Шама надвинул фуражку на лоб и сунул руки в карманы тесных брюк. Затем, бросив негодующий взгляд на сапоги прапорщика, на его угрюмое молодое лицо, он, раскачиваясь, пошел прочь.

У Карела Петника сияли глаза. «Ладно вышло, Ян», — улыбался он в душе и, довольный своим воспитанником, двинулся за ним.

Ян Пулпан остался. Вспышка Яна Шамы разрядила и его настроение, но он не мог оставить легионеров под впечатлением этого справедливого гнева.

— Да что он хотел сказать, этот рыжий? — вскричал Качер. — Плел с пятого на десятое, леший его пойми!

Конядра все еще стоял выпрямившись, как перед строем, его сжатые губы заметно дрожали. Пулпан пристально посмотрел на него.

— Не сердитесь на Яна Шаму, у каждого свои недостатки, — сказал он. В этот миг он заметил, что Кулда говорит Качеру что-то резкое, и решил смягчить впечатление от слов Качера.

— Как вы думаете, братья, Шама попал к нам? — сказал Пулпан. — Он пришел к выводу, что его место только здесь. А убедило его то, что он видел на Украине. Он уже был в команде военнопленных, которую отправляли в Австрию, и уже радовался, как мы все, что скоро будет дома. А вот же — остался здесь. И потому не может он понять, что другой чех может действовать иначе, чем он, деревенский плотник. Ему двадцать один год, он еще ищет себя. Может, многое из того, что он здесь говорил, он говорил самому себе. Такой уж он.

— Я тоже так его понял, — сказал Конядра, — меня его горячность не задела. А насчет волка и собаки у него даже удачно вышло. Видно, наткнулся на националиста, в Легии их сколько угодно. Ну, на сегодня хватит, брат Пулпан, а завтра приходите опять. Хочу узнать, как вы попали в ту кутерьму в Петрограде. Кое-что я знаю, но чтобы там были и чехи?..



Ночью на станцию Тамбов прибыл поезд с легионерами. Поручик Норберт Книжек вызвал красноармейца Головачева и через него передал комиссару второго чехословацкого полка, что нужно продержать людей Конядры в вагонах, пока легионерский состав не отправится дальше. Комиссар Кнышев наморщил лоб, провел ладонью по подбородку, белокурые его усы взъерошились. Заныл страшный шрам на левой щеке, совсем еще свежий. Подумав, Кнышев недовольно проворчал:

— Зачем это? Разве мы не обещали чехам свободу? Головачев, позовите товарища Пулпана и приходите вместе с ним. Мы поступим иначе.

Мальчишеское лицо Головачева зарумянилось.

— Поступим по-большевистски, — продолжал Кнышев. — И нельзя терять ни минуты. Давай кругом и жми!

Ян Пулпан явился скоро, и комиссар рассказал ему, что произошло.

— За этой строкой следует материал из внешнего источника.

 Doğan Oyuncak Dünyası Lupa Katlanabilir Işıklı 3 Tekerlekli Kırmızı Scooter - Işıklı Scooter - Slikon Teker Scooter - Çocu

— Не послушаемся Книжека, — сказал комиссар. — А людей Конядры задержим так, чтобы не унизить их. Ведь мы сказали, что не считаем их своими пленными. Возьмите Петника с Шамой и Головачева и организуйте митинг с идейным, честным разговором, да у вас ведь есть опыт, товарищ. Вспомните, как вы это делали с колеблющимися перед походом на Псков и Нарву.

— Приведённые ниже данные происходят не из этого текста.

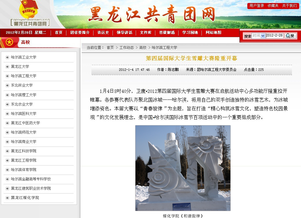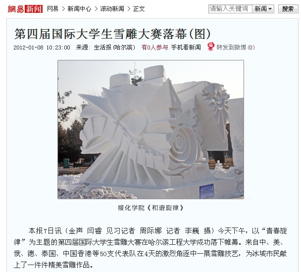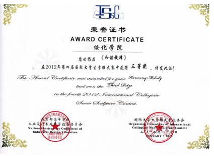 2012.1.4—1.7比赛经过4天的角逐,伟德国际1949始于英国代表队创作的《和谐旋律》获得“2012年第四届国际老员工雪雕大赛”三等奖。王凯宏和王锡金老师获得优秀指导教师奖;这是公司首次获得国际性雪雕大奖。
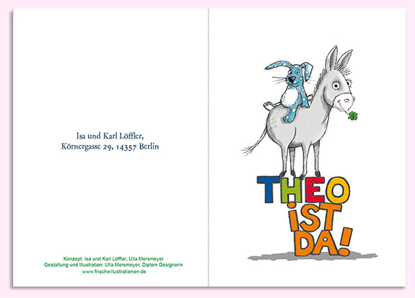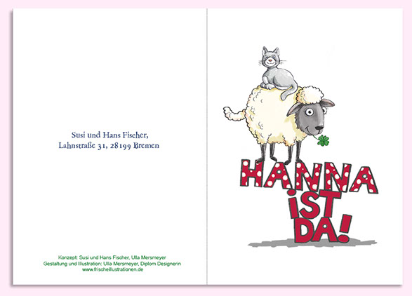 Die Baby-ist-da-Karte besteht aus einem individuellen Motiv für das Deckblatt, und dem kompletten Layout der Innenseite. Hier ist
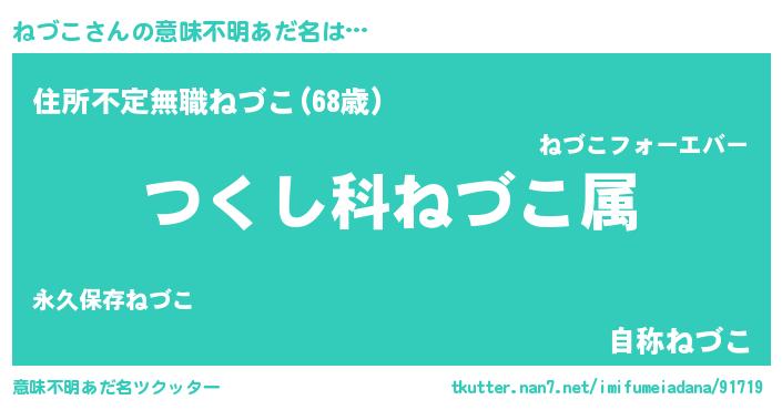 | 男性向けラノベタイトル風あだ名 | 『ねづこに滅ぼされるだけの簡単なお仕事です』 |
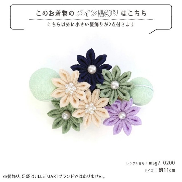 | コーディネート | 女の子七五三(7歳女の子用)に含まれる物:着物、長襦袢(カット袖)、作り帯、草履、バッグ、帯揚げ、箱迫、帯締め、しごき、末広(扇子)、足袋、腰紐(2本)、コーリンベルト、伊達締め、髪飾り |
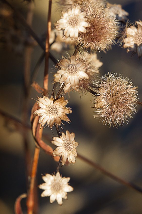Larger Dried Wildflower @ 1.3X, handheld, lit with ring flash for main exposure, ambient light for background 1/10 of a second
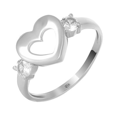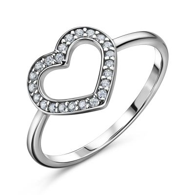 Серебряное кольцо Сердце с фианитами и родированием
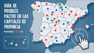 En este mapa puedes ver los partidos políticos que previsiblemente gobernarán cada capital de provincia, teniendo en cuenta que están a expensas de que la izquierda llegue a pactos entre sí (con gobiernos formados por hasta tres y cuatro formaciones políticas) y que Ciudadanos vote a favor o se abstenga en aquellas capitales en las que los 'populares' hayan sido la lista más votada.
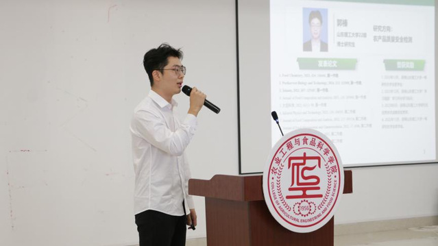 此次报告会分为上午和下午两场进行展开,报告会由李富军教授主持。上午,大连工业大学翟尚儒教授和南京农业机械化研究所王振伟博士分别作了题为“木质素基功能材料设计合成与性能研究”和“棉秆拔秆技术与装备研究进展”的学术报告。博士生郭榛、硕士生王云巧与刘磊分别作了题为“基于高光谱成像及深度学习技术的花生籽粒黄曲霉及黄曲霉毒素检测研究”、“多组学技术揭示外源亮氨酸对采后西兰花色素及核酸代谢的调控机制”和“小麦免耕播种机低扰动开沟器的设计及播种深度的调控”的学术报告。

У комиссара сияли глаза, его радовало, что спокойный взгляд Пулпана тверд и ничего не таит. Кнышев крепко пожал ему руку.

— Будьте здоровы, товарищ!

Возле вагона Конядры люди, собравшись кучками, взволнованно обменивались мнениями. Они уже знали, что на первом пути стоит легионерский эшелон, перешагни через десяток-другой рельсов, прошмыгни между маневрирующими товарными вагонами — и ты у своих. Франтишек Кулда, размахивая кулаком, горячо уговаривал Ярду Качера и Богуслава Кавку показать пятки большевикам. И сержант Ланкаш пойдет с ними… Что за церемонии, разве нам не повторяют до тошноты, что мы свободны, как птицы?

Матей Конядра дружески встретил Пулпана и его товарищей, Головачеву же положил руку на плечо:

— Хорошо, что пришли, друг, вас мы не забудем до смерти.

— Да и я вас не забуду, господин прапорщик, вы ведь первый чешский командир, который, слыхать, ни одного русского не убил, — ухмыльнулся Головачев.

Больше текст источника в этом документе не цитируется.